In our case, we deal with \(N=8979\) products, which is manageable. Still, by using a small \(K = 64\) we are able to go from a \(N \times N\) pointwise mutual information matrix to a small-ish set of vectors summarizing the information. And since we will be using singular value decomposition to do so, (hopefully most) vectors will even highlight different groups of related products! That’s a nice side effect when trying to derive higher level abstractions and patterns in the purchase data—compared to individual product-to-product relations—and comparable to topics derived from topic models like Latent Dirichlet Allocation.

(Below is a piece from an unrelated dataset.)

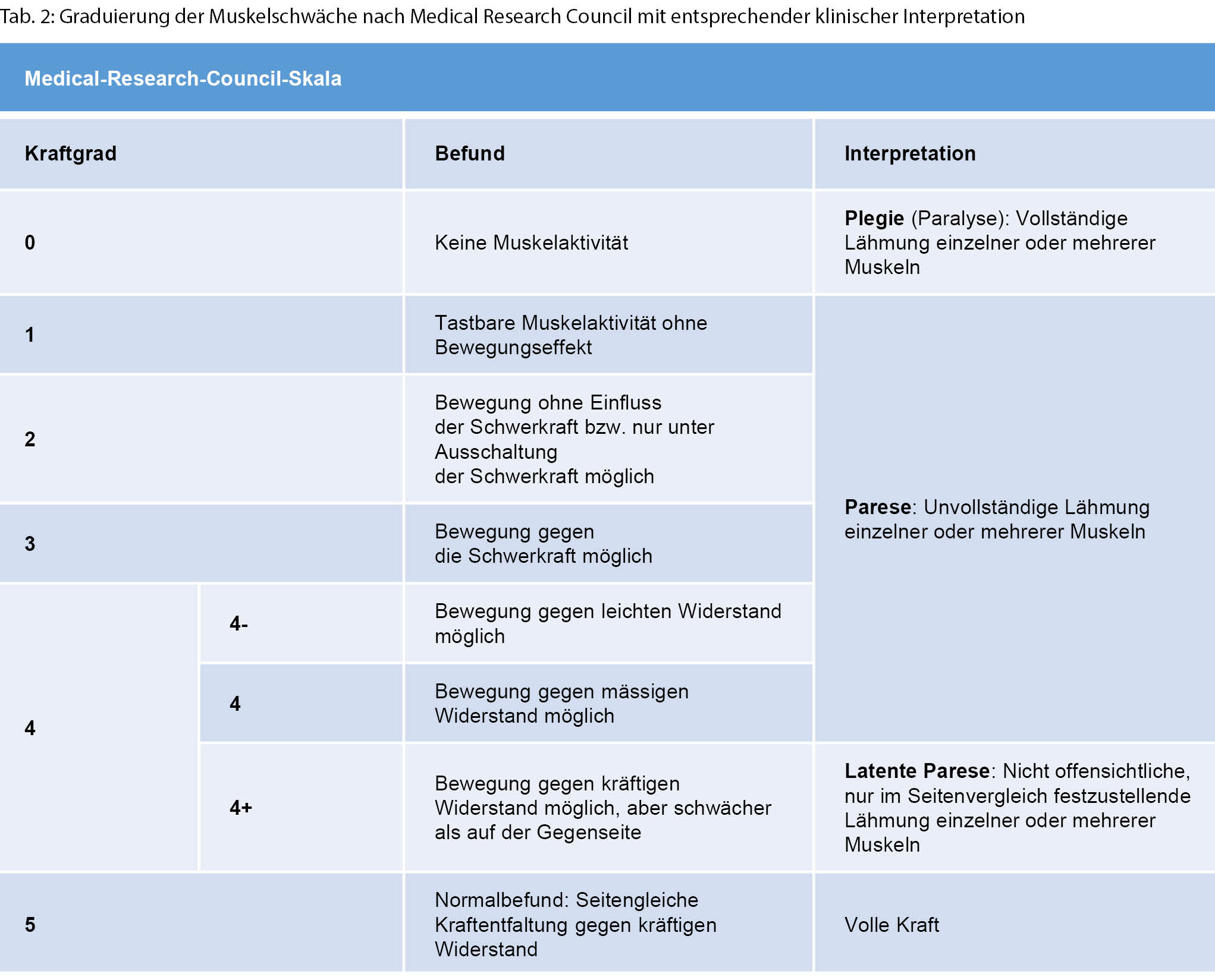 Eine Muskelschwäche wird durch eine formale Krafttestung objektiviert. Hierbei wird die Kraft ermittelt, die notwendig ist, um eine maximale Kraftentwicklung in einem Muskel zu überwinden. Etabliert hat sich hierbei eine Graduierung nach dem Medical Research Council von 0 bis 5 (Tab. 2) [3].

This blog post is inspired by Chris Moody’s Stop Using word2vec on StichFix’ MultiThreaded blog, in which Chris applied SVD in combination with PMI on the more typical NLP task of embedding words from the Hacker News corpus. In the following, we will see that one can use the exact same method to derive a representation of items sold on Instacart.
From PMI Matrix to SVD
The previous blog post introduced the Pointwise Mutual Information and how it can be applied to derive product recommendations for products that have been purchased in the same order. We finished with a long table called pp_rec_smooth
in which every row represented an observed combination of two products that have been purchased together a couple of times, as well as their corresponding pointwise mutual information.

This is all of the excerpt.